Why does my iterative higher-order procedure give more precise results than my equivalent recursive procedure?

Question

Exercise 1.30 of SICP invites us to rewrite the following code as an iterative (read: tail recursive) procedure:

(define (sum term a next b)
  (if (> a b)
      0
      (+ (term a)
         (sum term (next a) next b))))

To assist us, we are given the following template:

(define (sum term a next b)
  (define (iter a result)
    (if <??>
        <??>
        (iter <??> <??>)))
  (iter <??> <??>))

After one false start, I produced the following answer, which appears correct:

(define (sumIT term a next b)
  (define (iter a result)
    (if (> a b)
        result
        (iter (next a) (+ (term a) result))))
  (iter a 0))

To test this, I copied the following code from just above where this exercise is given:

(define (integral f a b dx)
  (define (add-dx x) (+ x dx))
  (* (sum f (+ a (/ dx 2.0)) add-dx b)
     dx))
(integral cube 0 1 0.01)
(integral cube 0 1 0.001) 

And quickly made this version using sumIT:

(define (integralIT f a b dx)
  (define (add-dx x) (+ x dx))
  (* (sumIT f (+ a (/ dx 2.0)) add-dx b)
     dx))
(integralIT cube 0 1 0.01)
(integralIT cube 0 1 0.001) 

Then, as I am running in DrRacket's #lang sicp mode, which does not have a cube procedure by default, I also defined:

(define (cube x) (* x x x))

Finally, I ran the code.

Unsurprisingly, (integral cube 0 1 0.01) and (integralIT cube 0 1 0.01) both produce the exact same result: 0.24998750000000042. But, to my shock and horror, (integral cube 0 1 0.001) returns 0.249999875000001 whereas (integralIT cube 0 1 0.001) returns a more precise answer of 0.24999987500000073.
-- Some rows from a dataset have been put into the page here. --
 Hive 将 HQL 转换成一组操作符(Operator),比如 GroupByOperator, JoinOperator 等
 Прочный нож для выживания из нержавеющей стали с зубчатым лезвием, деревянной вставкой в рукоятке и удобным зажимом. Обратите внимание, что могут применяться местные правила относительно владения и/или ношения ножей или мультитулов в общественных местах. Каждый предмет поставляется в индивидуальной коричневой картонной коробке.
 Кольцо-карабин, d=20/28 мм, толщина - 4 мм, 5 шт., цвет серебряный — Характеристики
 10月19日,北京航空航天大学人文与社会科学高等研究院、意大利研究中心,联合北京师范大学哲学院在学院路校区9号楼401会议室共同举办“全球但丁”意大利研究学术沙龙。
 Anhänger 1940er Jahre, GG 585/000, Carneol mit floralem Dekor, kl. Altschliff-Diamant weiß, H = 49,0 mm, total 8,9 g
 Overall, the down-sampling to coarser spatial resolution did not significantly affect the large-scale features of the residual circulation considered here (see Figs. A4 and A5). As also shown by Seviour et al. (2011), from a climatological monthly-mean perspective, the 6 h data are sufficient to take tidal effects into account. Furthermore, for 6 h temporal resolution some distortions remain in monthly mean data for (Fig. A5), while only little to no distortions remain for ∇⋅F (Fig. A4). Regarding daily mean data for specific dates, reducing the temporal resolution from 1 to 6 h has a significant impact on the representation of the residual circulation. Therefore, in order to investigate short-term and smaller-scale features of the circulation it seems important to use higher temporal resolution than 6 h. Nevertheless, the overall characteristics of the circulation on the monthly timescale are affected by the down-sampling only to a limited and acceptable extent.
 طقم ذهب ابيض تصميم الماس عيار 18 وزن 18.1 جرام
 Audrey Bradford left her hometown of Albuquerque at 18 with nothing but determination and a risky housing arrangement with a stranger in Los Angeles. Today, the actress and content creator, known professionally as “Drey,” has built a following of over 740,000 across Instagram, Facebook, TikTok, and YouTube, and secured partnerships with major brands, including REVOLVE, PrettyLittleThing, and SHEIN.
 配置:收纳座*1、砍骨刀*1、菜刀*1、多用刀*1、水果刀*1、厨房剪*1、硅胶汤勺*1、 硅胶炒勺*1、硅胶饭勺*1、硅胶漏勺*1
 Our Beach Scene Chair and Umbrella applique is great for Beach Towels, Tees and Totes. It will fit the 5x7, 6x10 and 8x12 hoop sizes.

Why is this? Why would rewriting a recursive higher-order procedure to be tail recursive increase the precision of my result? I can't think of any part or error in my code that would cause this.

Answer 1

Floating-point addition and multiplication are commutative, but not associative. This means (+ (+ a b) c) might not be equal to (+ a (+ b c), due to error propagation. As alredy mentioned by Óscar López, see What Every Computer Scientist Should Know About Floating-Point Arithmetic .

I rewrote your example in Common Lisp, and I can observe the same behaviour.

Then I changed a little bit the code by inserting backquotes and commas, so that the functions returns a tree instead of a number. See Macros: defining your own if you are not familiar with the synax.

The tree is made of numbers and symbols (*, +, ...) and corresponds to the operations that are made in each version, as written. This should help understand how and when intermediate results are computed.

Recursive sum:

(defun sum (term a next b)
  (labels ((it (a)
             (if (> a b)
                 0
                 `(+ ,(it (funcall next a))
                     ,(funcall term a)))))
    (it a)))

Tail-recursive sum:

(defun sum-it (term a next b)
  (labels ((it (a result)
             (if (> a b)
                 result
                 (it (funcall next a)
                     `(+ ,(funcall term a) ,result)))))
    (it a 0)))

Recursive integral:

(defun integral (f a b dx)
  (flet ((add-dx (x) (+ x dx)))
    `(* ,(sum f (+ a (/ dx 2.0d0)) #'add-dx b) ,dx)))

Tail-recursive integral:

(defun integral-it (f a b dx)
  (flet ((add-dx (x) (+ x dx)))
    `(* ,(sum-it f (+ a (/ dx 2.0d0)) #'add-dx b) ,dx)))

And cube:

(defun cube (x) (* x x x))

Take care when testing: with the target precision argument being too precise, you'll have a large result.

You can see that both approaches eventually computes the result in a different order:

CL-USER> (integral #'cube 0 1 0.4d0)
(* (+ (+ (+ 0 1.0d0) 0.21600000000000008d0) 0.008000000000000002d0) 0.4d0)

Compared to:

CL-USER> (integral-it #'cube 0 1 0.4d0)
(* (+ 1.0d0 (+ 0.21600000000000008d0 (+ 0.008000000000000002d0 0))) 0.4d0)

In the above example, the result does not differ, but for some inputs like the one you found, there will be a difference.